Programmed cell death-1 (PD-1) is a key immune inhibitory receptor expressed by activated T-cells and B-cells. Binding of PD-1 to its ligands PD-L1 and PD-L2, expressed on antigen presenting cells and cancer cells, turns off T-cell signaling to the lymphocytes and allows tumor cells to shut off the immune response. Many solid tumor types express PD-L1, and its expression is often associated with a worse prognosis. Blocking PD-1 is the novel approach being evaluated in cancer treatment and it has been reaping extremely favorable results (see “Targeted Programmed Cell Death in Lung Cancer Treatment,” cover).

A recent phase 1 trial report published in the Journal of Clinical Oncology evaluated the effect of intravenous nivolumab in 107 patients with advanced melanoma in an outpatient setting, every 2 weeks for up to 96 weeks. The patients were observed for overall survival (OS), long-term safety, and response duration after treatment discontinuation.

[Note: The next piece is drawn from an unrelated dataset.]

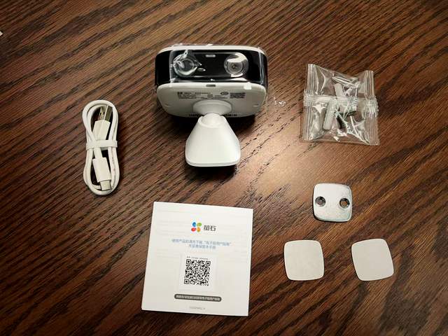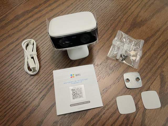 包装盒内含萤石小魔方CB60本体一个,USB to Type-c数据线一根,安装底座和安装膨胀螺丝两颗。

Patients receiving nivolumab had a median OS of 16.8 months; the 1- and 2-year survival rates were 62% and 43%, respectively. Of 33 patients with objective tumor regressions (31%), the estimated median response duration was 2 years.Of the 17 patients who discontinued therapy (not due to disease progression), 12 maintained a response for at least 16 weeks (range was 16 to 56 weeks).

Objective responses were observed in 33 of 107 patients, and 7 patients’ experienced stable disease lasting at least 24 weeks. Durable responses were observed across all the tested doses (0.1- to 10-mg/kg) of nivolumab. Unconventional response patterns that did not meet response evaluation criteria in solid tumors (RECIST) were observed in 4 patients. Of the 11 patients in whom the disease progressed at doses of 0.1- or 0.3-mg/kg nivolumab, dose escalation to 1.0-mg/kg did not help. Tumor regression in the 33 patients was observed at various sites, in both primary and metastatic lesions.

The most common adverse events observed included fatigue, rash, and diarrhea. Twenty-four of the 107 patients experienced grade 3 to 4 treatment-related adverse events. Treatment-related adverse events included skin disorders, GI events, and endocrinopathies. Although no drug-related deaths were observed in patients with melanoma, 3 treatment-related mortalities were observed in the overall population (2 patients with non-small cell lung cancer and 1 with colorectal cancer) associated with pneumonitis. Most adverse events were observed in the first 6 months of treatment; no cumulative toxicities were observed over a 2-year safety follow-up period.